In contrast to the atherogenic cytokines, the production of cytokines that possess predominantly atheroprotective properties was augmented by exercise. In unstimulated blood mononuclear cell cultures, the cytokine most affected was IL-10, followed by TGF-β1. The secretory responses of PHA-stimulated cultures were generally similar, except that IL-4 production was also up-regulated by exercise. These cytokines effectively down-regulate delayed-type hypersensitivity reactions of the type seen in atherosclerotic lesions, primarily by suppressing mononuclear phagocyte and Th1 lymphocyte function.^33- 50,52 They inhibit endothelial cell, monocyte, macrophage, and smooth muscle cell activation by down-regulating the production of IL-1α and TNF-α by mononuclear phagocytes (IL-4, IL-10, and TGF-β1), and IFN-γ production by Th1 lymphocytes (IL-10 and TGF-β).
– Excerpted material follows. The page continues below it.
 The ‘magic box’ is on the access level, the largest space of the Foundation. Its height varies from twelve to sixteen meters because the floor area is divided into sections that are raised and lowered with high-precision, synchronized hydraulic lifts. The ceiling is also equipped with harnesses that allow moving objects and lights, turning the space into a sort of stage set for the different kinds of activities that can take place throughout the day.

They also reduce IL-1 activity by augmenting the production of IL-1 receptor antagonist.³³ Although TGF-β is thought to be primarily responsible for stimulating collagen and proteoglycan synthesis by vascular smooth muscle cells in atherosclerotic plaques, it inhibits the proliferation and migration of these cells in atherosclerotic lesions⁴⁸ and is thought to function primarily as an atheroprotective cytokine.^44- 50 In this regard, low plasma levels of TGF-β have been documented in patients with ischemic heart disease,⁴⁶ possibly due to its sequestration into an inactive pool by lipoproteins.⁴⁵ It is of note that, in our study, mononuclear cell production of TGF-β1 increased in proportion to time spent doing exercises traditionally considered to be cardioprotective.
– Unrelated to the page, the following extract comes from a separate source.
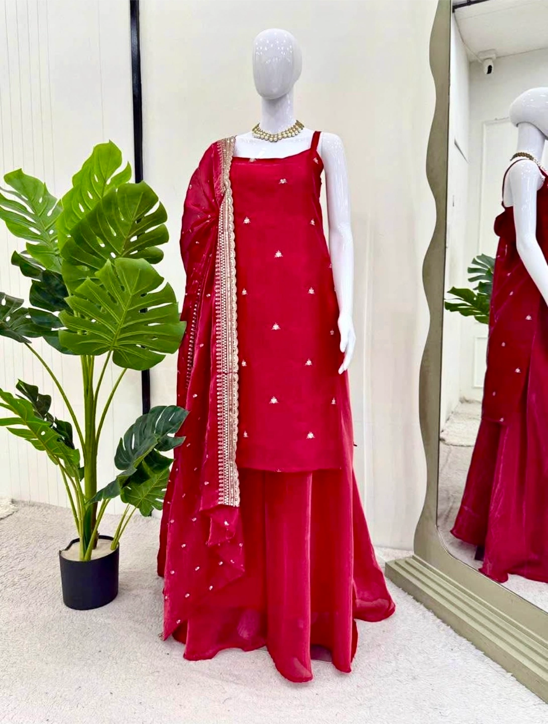 Beautiful red suit, perfect for a special occasion! The set includes a tunic-style top, wide-leg pants (palazzo style), and a matching dupatta. The fabric has a lovely drape and subtle detailing.

It is probable that the changes in blood mononuclear cell function among the subjects after undergoing the exercise program resulted, at least in part, from an augmented suppression of TNF-α and IFN-γ production by the atheroprotective cytokines. Furthermore, because blood leukocytes are thought to provide the main source of immune cells in atherosclerosis, similar functional changes may have occurred in mononuclear cells present in atherosclerotic lesions.²¹ This possibility is supported indirectly by the decrease in serum levels of CRP in our subjects after the exercise program. It remains uncertain, however, what initiated these changes. Since herpes viruses and chlamydia have been isolated from atherosclerotic plaques,^25- 27 it is possible that physical activity stimulated the immune system to eradicate these agents. Alternatively, it may be that exercise reduced levels of oxidized LDL or HSP 60 in fatty streaks and atherosclerotic plaques in our subjects. Both of these molecules have been postulated to be the target of an autoimmune attack in atherosclerosis and are capable of independently activating endothelial cells.^19,23,28 Whatever the explanation, our finding that moderate long-term exercise reduces blood mononuclear cell production of cytokines with predominantly atherogenic properties, while simultaneously increasing their production of cytokines with predominantly atheroprotective properties, provides an insight as to how physical activity helps protect against CVD.